If this resonates with you, my advice is:

  • Learn how human bodies work. You’d be amazed how much something like a basic understanding of the sympathetic nervous system can help you in the throes of a panic attack.
  • Check in with yourself often, using an external reminder if necessary. Are any of your systems misfiring? Is anything painful or uncomfortable?
  • Forgive yourself, over and over and over. It’s really bloody irritating to need this level of micromanagement of your own body. Getting annoyed with yourself won’t help. You’re a warrior for keeping at it every day.

I’d usually link to resources to help readers, but will save that for another day when I’m feeling better. For now, I’m noticing my sore throat and fuzzy head, and going back to sleep.

(See? I’m learning!)

How many lifeboats is too many?

Starting Paper Lifeboat has taken me a long time. Five years, to be exact. One of the things that’s held me back is wondering whether the world really needs yet another autism and mental health blogger. Aren’t there enough of us out there already? Won’t my words just sink like a stone in the churning waters of voices?

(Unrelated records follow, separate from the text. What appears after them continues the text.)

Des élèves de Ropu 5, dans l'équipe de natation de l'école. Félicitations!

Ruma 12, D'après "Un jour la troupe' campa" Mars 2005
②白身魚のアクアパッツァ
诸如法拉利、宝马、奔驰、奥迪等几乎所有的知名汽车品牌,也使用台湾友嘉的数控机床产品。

This is great fuel for an inner critic. Mine’s been admonishing me that there are other things I Really Should Be Focusing On. Such as the impending void of Brexit, climate change’s implications for our children, and the refugee crisis. Brains are helpful like that; they love to remind you how impotent you are in the face of major, systemic problems. And of course, that impotence is hard to argue against. It taints everything with pointlessness. Before you know it you’ve been under the duvet for three hours. And so the challenge becomes to Do Something Anyway.

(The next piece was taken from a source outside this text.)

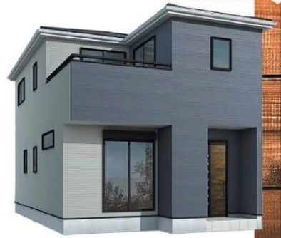
※完成予想図/このパースは図面を基に描いたもので実際とは多少異なる場合がございます。

物件番号 4C78-B0FD | 情報公開日 2025年04月08日 | 広告有効期限 2025年04月23日 | 仲介手数料無料+期間限定キャンペーン実施中!

So it was that, on Sunday, I took myself off for a walk by the sea. I’d taken this blog down a day after starting it, terrified that telling my story was going to bring Brexit-sized calamity down on myself and everyone I loved (thanks, brain.) Grey seas battered the prom as the soggy January wind blew all over my catastrophising. The weather’s solidarity with my mood made me feel a little better, but soon I was quite cold (having failed to plan my outfit properly for the weather, basing it instead on Just Bloody Well Getting Out For A Walk Before I Sabotage Even That.)

“It is surprising how many unoriginal thoughts we have”

Martine Bachelor

And so I dived into a place I have probably walked past twice a week for many years without stopping – the RNLI gift shop. Inside this teeny space crammed with cheery goodies sat two women whose ages I would not dare to guess at. Dressed in jaunty scarves and woollens, they chatted brightly, Britishly, about the weather and the vagaries of their new kettle (the hot topic of the morning). I was comforted by the tradition of it all, and soon we were chatting away about their new stock.

Making suitably interested noises about their gift cards, tote bags, and travel sweets, I suddenly realised that their branding colours were the same ones as I’d chosen for this site. I found myself staring at the children’s gifts in their navy and orange livery, and when my eyes settled on a lifeboat itself, I started to laugh. I was in a freaking navy and orange lifeboat shop. A shop that, as a U.K. seaside dweller, had been in my peripheral vision for decades. I hadn’t set out to copy them, and yet I totally, if unconsciously, had.

There are very few original ideas in the world. We all soak up influence like sponges, and in turn, influence more than we can understand. Maybe it’s time to accept this and take my little bit of influence out into the world after all. It might not be new, it might not be original. But the vanity of not offering anything at all is a poor excuse not to try.

The following day, I re-published Paper Lifeboat. It has already reached 9 countries and over 600 people have read so far. Turns out there’s a need for more lifeboats. An endless chain of demand and supply, in fact. I’d been demanding something like Paper Lifeboat for so long. Time to get over myself, and supply it.

I’m going to change my colours eventually – it’s the right thing to do (not that the RNLI need protecting from my mighty empire!) As a peace offering in the meantime, I bought some of their lovely gifts.